Хотя бы одна попутная машина проехала, – еле слышно сказала Алена дрожащим голосом, обращаясь в пустоту. Смахнула слезинки, предательски скатившиеся из глаз.
Ответом ей было молчание. Она прошла совсем немного. Ноги в красивых замшевых ботинках на высоком каблуке скользили и разъезжались в разные стороны, но ей казалось, что она идет по дороге, окруженной этим проклятым лесом уже целую вечность. Периодически слезы не то отчаянья, не то обиды наворачивались на глаза. В голове галопом проносились мысли. Но она шаг за шагом, как ей казалось, почти бегом спешила в сторону дома.

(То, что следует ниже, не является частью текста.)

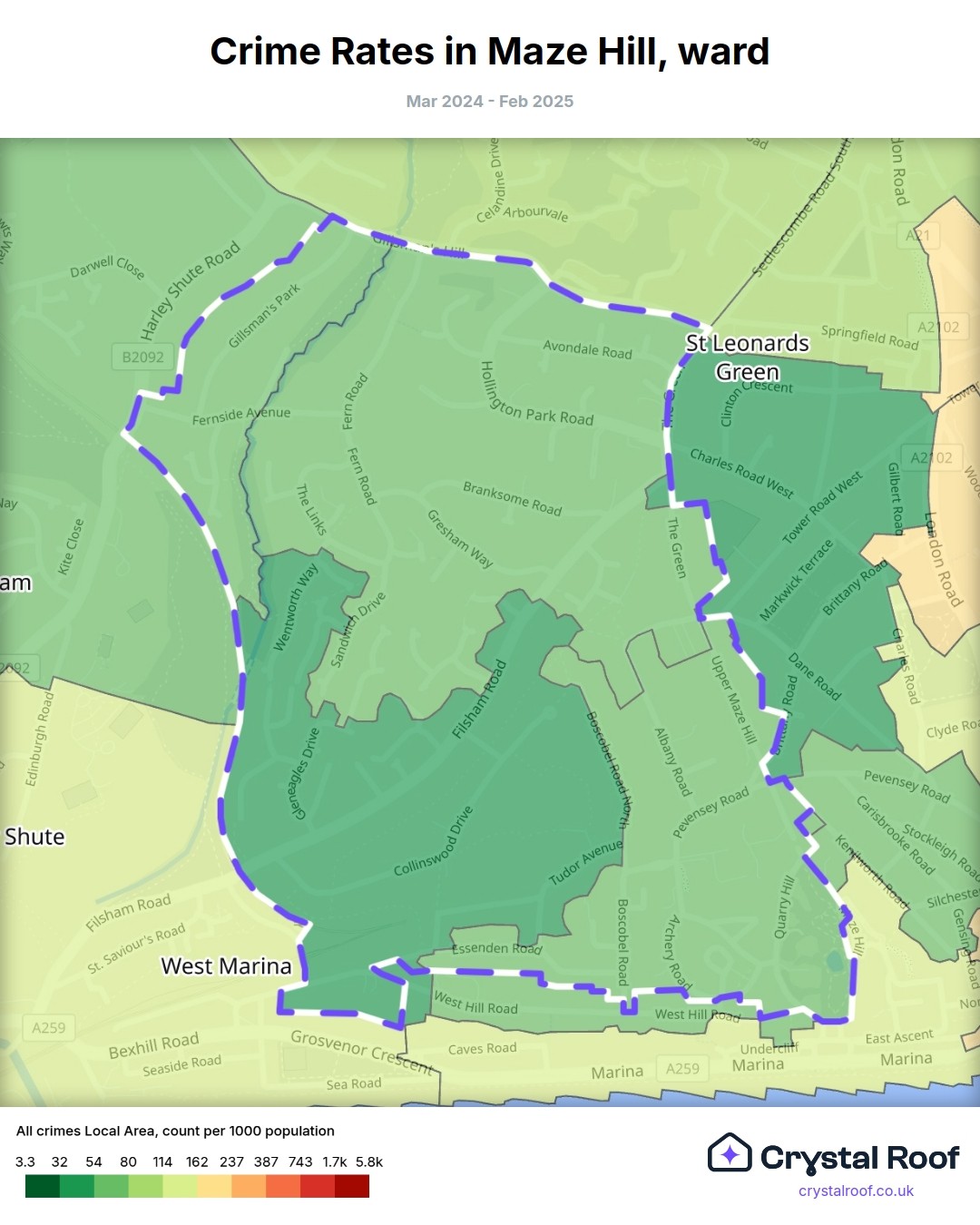 Maze Hill (ward) is located within Hastings (borough). Annual total crime rate in Hastings (borough) is 115 crimes per thousand resident population, which can be rated as 6 out of 10 or medium crime level compared to other local authority districts in England and Wales.

Господи, помоги мне! Помоги мне дойти. Господи, господи! Да услышь же меня! Выкрикнула Алена.
Мамочка, помоги мне, пожалуйста, родная, как же я хочу домой. Прижаться к тебе, как в детстве и забыть весь этот ужас. Понять, что все закончилось и ощутить твое тепло. Убедиться, что весь страх остался где-то там, позади, в неизвестности темной морозной ночи.
Она шла и шептала, не замечая, что переходит периодически на крик, поглощаемый стоящей вокруг тишиной.
Алена шла, и ей казалось, что она постепенно сходит с ума от страха, стараясь все время разговаривать сама с собой, чтобы было не так жутко.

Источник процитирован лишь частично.